Leurs couleurs bigarrées et leurs formes improbables suscitent l’intérêt des passants, sur le marché d’Hennebont (56). Quel goût ont-elles ? Quelles sont leurs origines ? Sont-elles adaptées à la région ? Autant de questions que l’on peut entendre devant les étals où Valérie Hercouët présente ses légumes depuis deux ans. En été seulement, car les plants des 150 variétés anciennes qui se côtoient, sous les serres de Languidic, prennent le temps de produire. « Le rendement n’est pas ma priorité », justifie la maraîchère. « Elles donnent toutes suffisamment ».
La sélection s’opère en fonction de la facilité de taille, de la résistance du plant et de la saveur, bien sûr. « En fait, mon activité principale, c’est la vente de plants, au printemps. Je goûte les fruits des nouvelles variétés, dont je me suis procuré des graines, directement dans la serre ou, éventuellement, cuisinées ou en soupe. C’est important pour pouvoir conseiller le client sur les marchés, au printemps suivant, avant les plantations ». Les apparences sont parfois trompeuses. Elle se souvient d’une jolie petite tomate rouge, immangeable d’amertume. Ses graines n’ont pas été conservées.
[caption id= »attachment_6572″ align= »aligncenter » width= »300″] Valérie Hercouët dans sa serre de Languidic présente une petite nouvelle : l’indigo rose, originaire des États-Unis.[/caption]
Echanges de graines ou de plants
« C’est en effectuant un stage préparatoire à mon installation, en 2010, chez une maraîchère proche de la retraite, que l’idée a germé », poursuit l’ancienne laborantine. « Elle cultivait des variétés anciennes de légumes et m’a légué des graines à mon installation ». La gamme a été étoffée par des achats sur catalogue, chez des collectionneurs et par des échanges avec des collègues lors de foires aux plantes. Aujourd’hui, les Jardins de Kerhan, à Languidic, abritent l’une des plus belles collections de variétés de tomates non hybrides en Bretagne. Qu’elles soient originaires des pays de l’Est comme la Noire de Crimée, d’Amérique comme la Joie de la table ou la Giola della Mensa, elles ont toutes leur nom affiché sur une étiquette collée sur leur pied. Et même la Money Maker, originaire – cela ne s’invente pas – des États-Unis. Une forte productrice…. L’Olirose de Saint-Domingue est sa préférée, sucrée, parfumée et de couleur rose mat.

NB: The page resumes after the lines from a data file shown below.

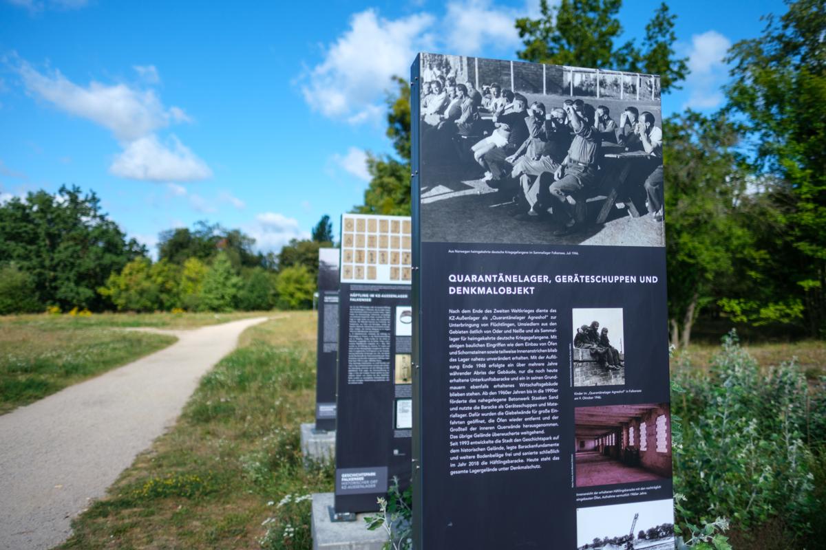 Das KZ-Außenlager Falkensee entstand 1943, um in den nahegelegenen Rüstungsbetrieben Arbeitskräfte aus ganz Europa auszubeuten. Bis zu 2 500 Männer waren dort untergebracht, sie litten unter Hunger, Gewalt und schwerster Arbeit in den Fabriken. Trotz dieser Bedingungen hielten die Häftlinge heimlich kulturelle und religiöse Zusammenkünfte ab, um sich gegenseitig Mut zu machen. Im April 1945 floh die SS, und sowjetische Truppen befreiten das Lager. Heute erinnert der Geschichtspark mit erhaltenen Fundamenten, Barackenteilen und Informationstafeln an das Leiden der Inhaftierten.
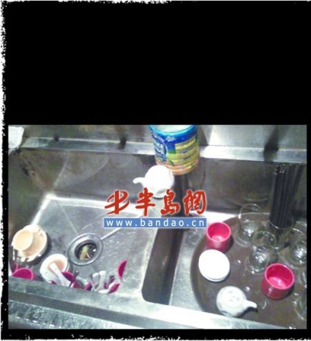 服务员负责清洗的餐具就更简单了,只需用清水冲冲。玻璃杯要用洗洁精清洗,有经验的服务员告诉记者,这样洗出来的玻璃杯比较亮,好看。记者观察了几个服务员的洗餐具过程:洗洁精倒入众多餐具中,水龙头打开,每个杯子大约清洗3秒后装盘。如此短的时间,洗洁精残余肯定洗不掉。洗完的餐具被端回来后,服务员要用布挨个擦干。记者发现,这块擦餐具的布经常几天才洗一次。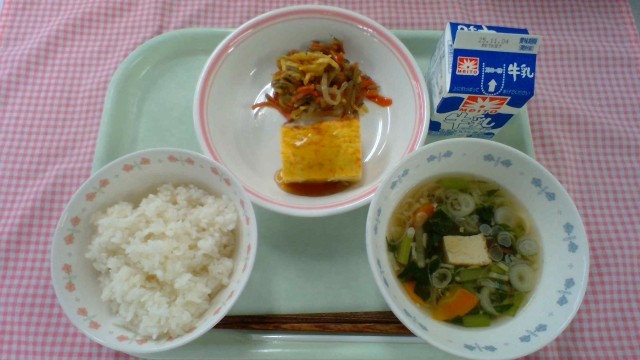 【献立】ごはん、牛乳、枝豆入り卵焼き、吉野汁、揚げじゃがいもの金平 ※写真は低学年の分量です。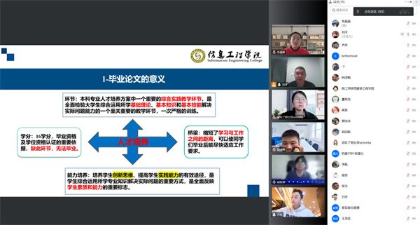 首先,刘洋老师介绍毕业论文整个流程及具体要求,介绍了毕业论文在整个教学环节中占据的重要地位、学分占比,毕业论文在员工学习与工作中的桥梁作用和对员工能力培养的重要意义,同时对毕业设计过程中每个环节及需要注意的问题进行了强调。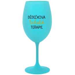 DĚDEČKOVA TEKUTÁ TERAPIE - tyrkysová sklenice na víno 350 ml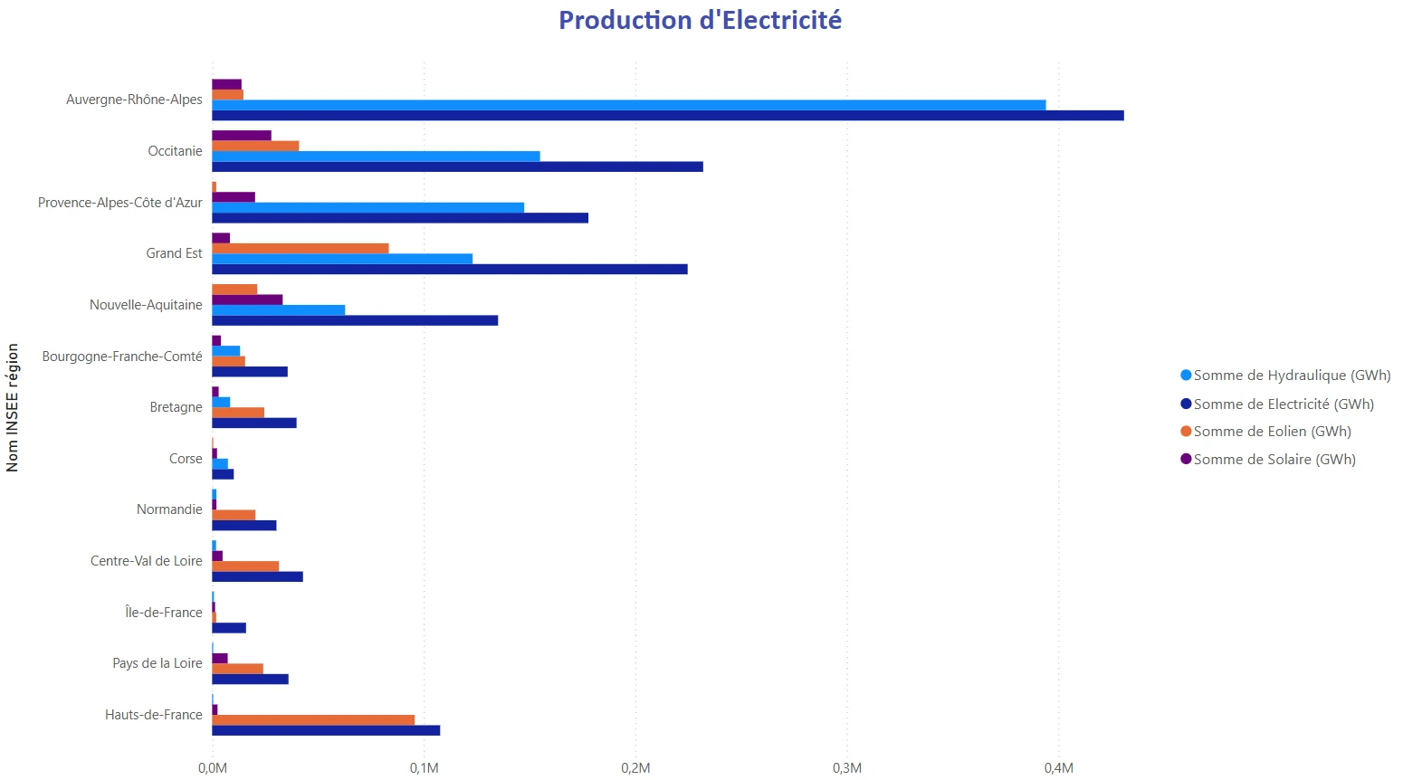Le fichier Excel téléchargeable ci-contre donne la production électrique par année, région et type de production. Après import, vous faites une représentation graphique à barres groupées.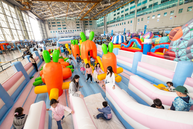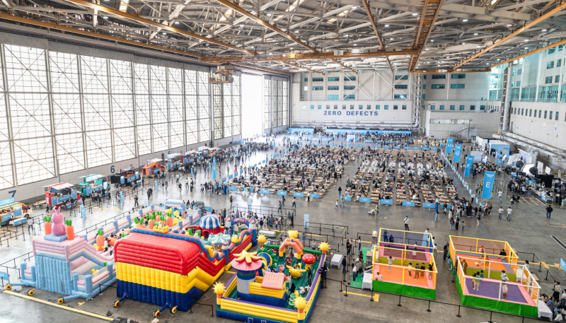 이번 격납고 행사는 가족들과 즐거운 추억을 남길 수 있는 다양한 프로그램들로 구성됐다. 테마파크로 꾸며진 격납고에는 어린이용 놀이기구와 우리가족 사진관, 모닝캄 포토부스, 패밀리사원증 키오스크, 벌룬아트, 페이스페인팅, 푸드트럭 등 가족들을 위한 대형 놀이공간과 즐길거리가 마련됐다.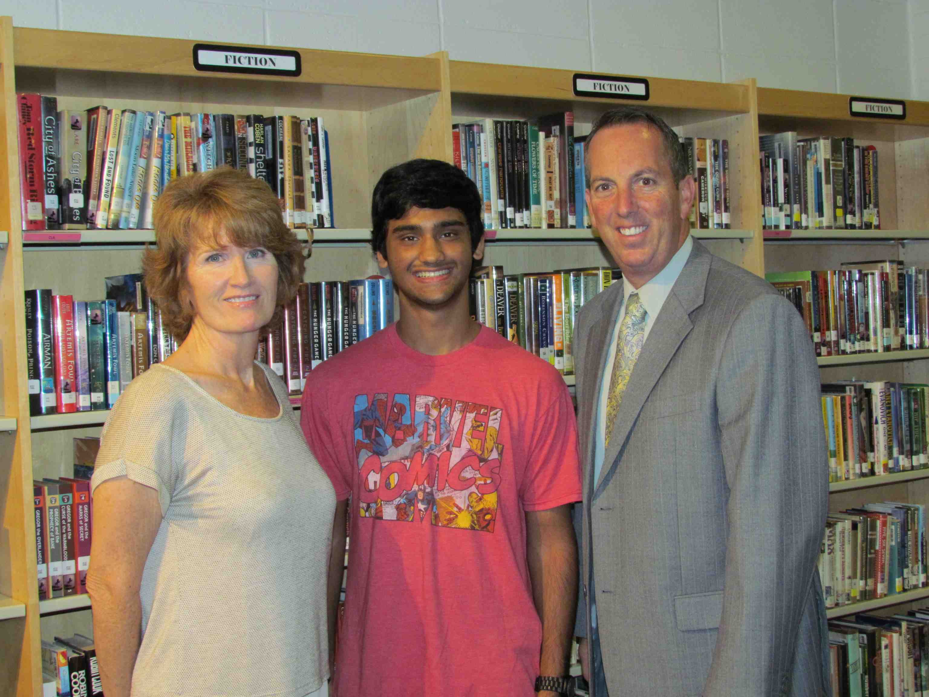 Photo courtesy of the Babylon School District: Pictured with Mohankumar are high school principal Al Cirone (right) and senior guidance counselor Suzanne Murphy.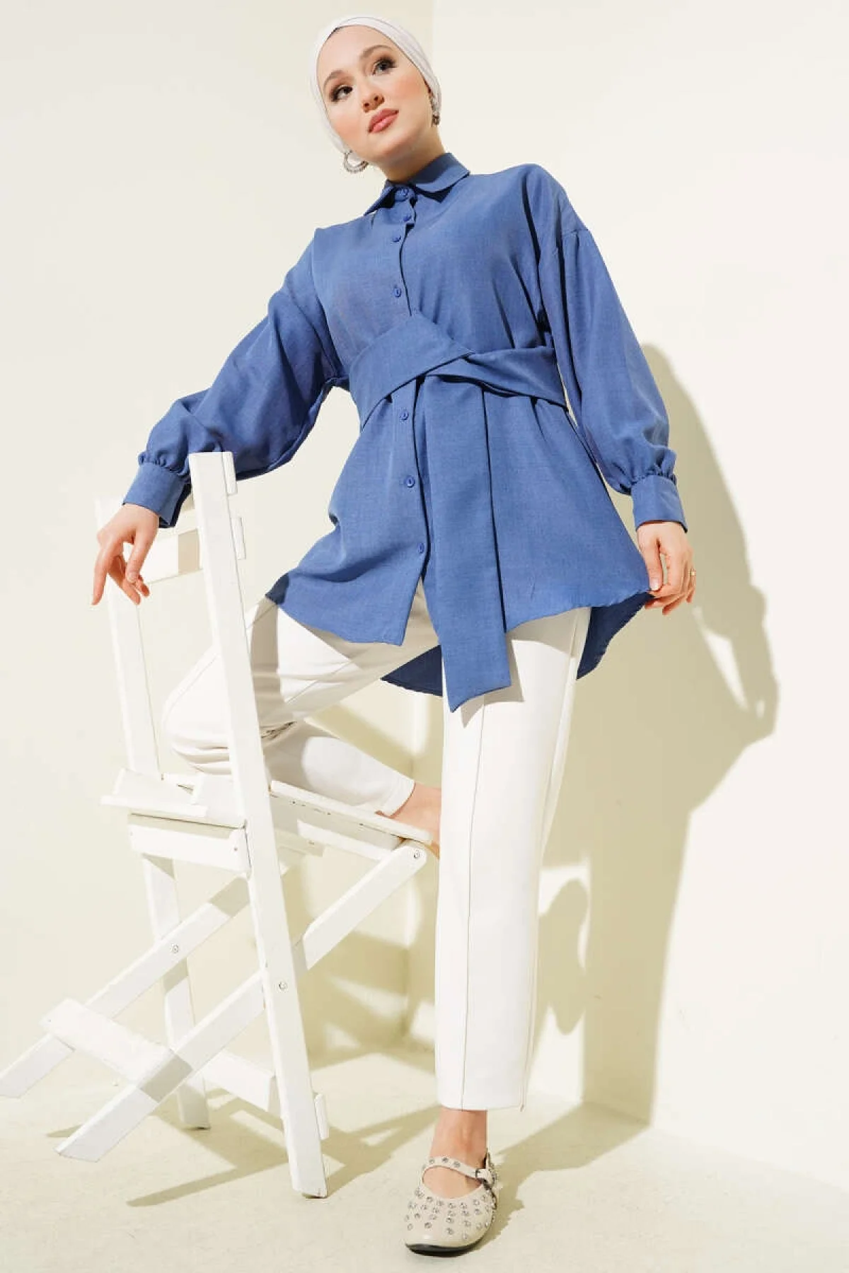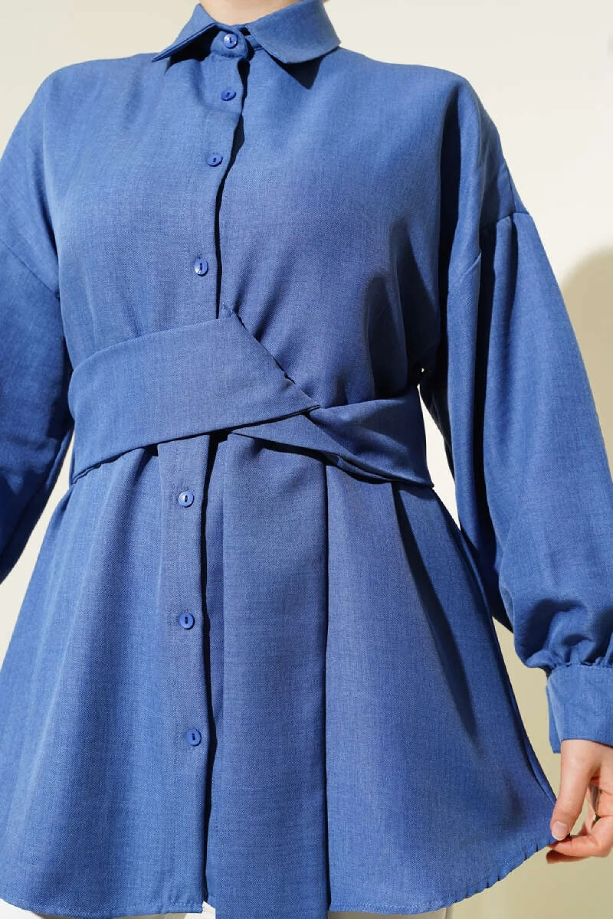 Kendinden Geniş Kuşaklı Gömlek İndigo

Classées par couleur sur l’étal
Au printemps, Valérie propose ses plants sur quatre marchés de la région de Lorient et sur les foires aux plantes comme celle, réputée, de Josselin. « Je vend aussi en direct, à la serre, de 17 à 19 heures, en semaine, pendant deux mois ». Toutes les variétés sont au même prix. « Elles me demandent toutes le même travail ». Pour les tomates, il faut attendre le mois de juillet, sur le marché d’Hennebont. Là encore, le prix ne dépend pas de la variété. « Elles sont toutes à 4 €/kg ». Cueillies à maturité, tous les mercredis, veille du marché, elles sont classées par couleur sur l’étal. Interdiction d’apposer la mention « variété ancienne » sur les cagettes. « Pour les plants, c’est autorisé », s’amuse-t-elle. Les légumes ne sont pas vendus en direct, à la ferme. « Le site est trop excentré, entre Lorient et Auray. Les clients ne se déplaceront pas pour acheter un kilo de tomates ».
Longtemps considérées comme vénéneuses en Europe
En 1519, Hermann Cortès découvre la tomate dans le Golfe du Mexique. Consommée depuis fort longtemps par les Aztèques, elle pousse alors à l’état sauvage. De nos jours, il existe encore 9 variétés de tomates sauvages, dont la tomate « groseille », proche de notre tomate cerise. Son nom indien « tomatl » est immédiatement adopté par les conquistadors.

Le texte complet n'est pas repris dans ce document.